Supervised text classification algorithms appearing regularly in the literature are:

*  Naive Bayes
	+  Binary independent NB
	+  Multinomial NB
*  Linear Classifier
*  Logistic Regression
*  Support vector machines
	+  Basic SVM
	+  SVM multiple classes
	+  SVM multiple kernels
*  Decision trees
*  Linear Discriminant Analysis
*  Nearest neighbor
	+  k-Nearest Neighbor
	+  Weighted k-Nearest Neighbor
*  Similarity Learning
*  Relevance feedback
	+  Rocchio
	+  Rocchio in a query zone
*  Ensemble methods
	+  Bagging based Models
	+  Stacking based Models
	+  Boosting based Models
	+  Random Forest Models

For reference I assembled short excerpts from online resources or published articles describing most of these methods.

####\  

##Naive Bayes
A classification technique based on Bayes’ Theorem with an assumption of independence among predictors. A Naive Bayes classifier assumes that the presence of a particular feature in a class is unrelated to the presence of any other feature here. NB can be run on:

*  Word count or n-gram count vectors
*  Word or n-gram level TF-IDF vectors
*  Character Level TF-IDF vectors
	+  Would be useful for evaluating use of "?" and "=" 

Data are organized into 2 dictionaries: **corpus words** (each stemmed word and the # of occurances) and **class words** (each class and the list of stemmed words within it). The algorithm then uses these data structures to classify new text.

####\  

##Linear Classifier
The linear regression algorithm is one of the fundamental supervised machine-learning algorithms due to its relative simplicity and well-known properties.

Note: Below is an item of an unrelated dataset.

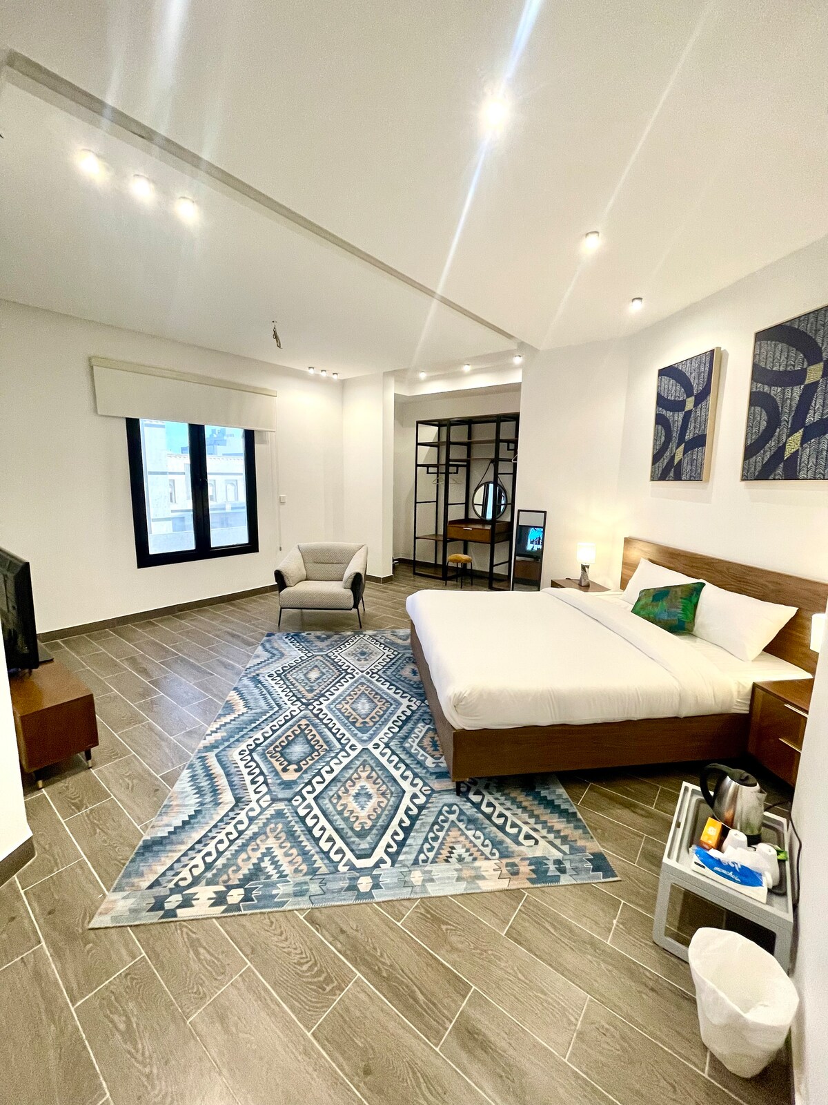Este espaço é caracterizado pela tranquilidade, design moderno e tecnologia moderna. O quarto também possui iluminação tranquila, pincéis de hotel de luxo e atenção aos melhores detalhes de limpeza, serviço de quarto e recepção disponíveis durante toda a hora,,, proximidade do hotel com serviços como(supermercado,restaurantes, shopping, lavanderia, mesquita, padaria e muito mais), além de equipe de recepção exigente em como servir o hóspede e conhecer desejos, o quarto tem uma máquina de lavar roupa, um cofre, uma tela de smart tv e um ferro de passar roupa.
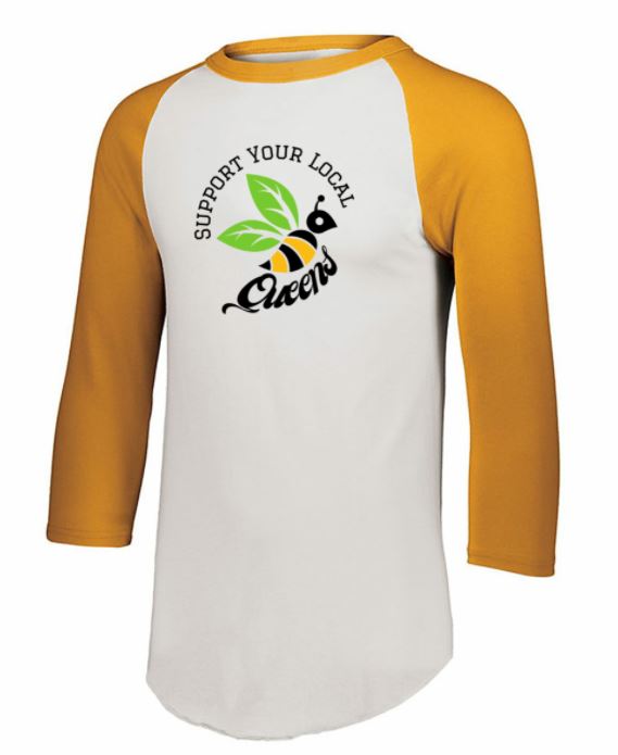 Three-Quarter Sleeve Baseball Jersey in White and Gold with Tree City Bee Company Bee as part of the "Support your local Queens" design. Available in Adult S-4X

The goal of statistical classification is to use an object's characteristics to identify which class (or group) it belongs to. A linear classifier achieves this by making a classification decision based on the value of a linear combination of the characteristics. An object's characteristics are also known as feature values and are typically presented to the machine in a vector called a feature vector. Such classifiers work well for practical problems such as document classification, and more generally for problems with many variables (features), reaching accuracy levels comparable to non-linear classifiers while taking less time to train and use. 

####\  

##Logistic Regression
A logistic regression measures the relationship between the categorical dependent variable and one or more independent variables by estimating probabilities using a logistic/sigmoid function. LR can be run on:

*  Word count or n-gram count vectors
*  Word or n-gram level TF-IDF vectors
*  Character Level TF-IDF vectors

Resources for Logistic Regression 
https://www.analyticsvidhya.com/blog/2015/10/basics-logistic-regression/

R for logistic regression
https://www.saedsayad.com/logistic_regression.htm

####\  

##Support Vector Machine (SVM) Model
This is a supervised machine learning algorithm which can be used for both classification or regression challenges. The model extracts a best possible hyper-plane / line that segregates the two classes. The only example I found of SVM was on Ngram Level TF-IDF Vectors. Support vector machines can be:

*  Basic SVM
*  SVM multiple classes
*  SVM multiple kernels

####\  

##Decision Trees
Flowchart-like structures in which each internal node represents a "test" on an attribute (e.g. whether a coin flip comes up heads or tails), each branch represents the outcome of the test, and each leaf node represents a class label (decision taken after computing all attributes). The paths from root to leaf represent classification rules.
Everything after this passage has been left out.